Ela desligou o som antes que a próxima musica começasse porque sabia que não iria conseguir parar de ouvir; ela sabia que a próxima música era Pais e filhos, uma de suas canções favoritas, e se parasse para ouvir iria se atrasar ainda mais do que já estava.
Desceu do carro sentindo as habituais dores dos estigmas. Castiel lhe dissera que ficariam piores quando Lúcifer fosse solto e ela acreditava. Ele já estava solto, e cabia a ela proteger o livro e todos os outros conhecimentos da biblioteca.
- Bom dia. - Cumprimentou um guarda, e ela respondeu:
- Bom dia!
Os anjos a ensinaram a suprimir em parte as dores, mas nesse último ano não adiantou em nada, era isso que ela ganhava por ser a profeta do Senhor, dor e muito sangue, ser ignorada quando chamava Deus ou os anjos, e ter a vida amorosa menos agitada do que uma cadeira, ao menos uma cadeira tem diversas bundas sobre ela várias vezes ao dia.

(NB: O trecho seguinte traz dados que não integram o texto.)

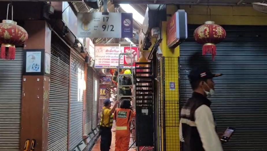 พฐ.เข้าตรวจสอบเหตุไฟไหม้จตุจักร พบกลุ่มควันปะทุซ้ำ ร้านเครื่องเบญจรงค์ เจ้าหน้าที่ควบคุมได้แล้ว – ผอ.เขตจตุจักร เร่งเยียวยา เตรียมงดเว้นค่าเช่า
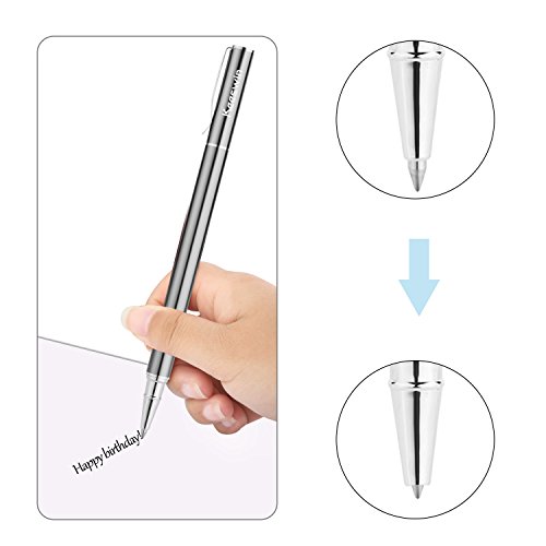 Caratteristiche: questa penna a sfera a lunga durata con molla e scrittura senso di gravità in metallo, evita danni da caduta.

Mas isso não importava, ela era a profeta, mas não importava. Ana só queria três coisas: seu gato chamado Gato, seu carro, e que o mundo se explodisse.
*****
Ana apalpou os bolsos e encontrou duas Chaves. Pegou a maior deixando a menor ainda no bolso, e destrancou a porta, depois de ver uma pequena cachorrinha preta correndo bastante feliz, e atrás dela um cachorro preto que Ana podia jurar que tinha os olhos vermelhos.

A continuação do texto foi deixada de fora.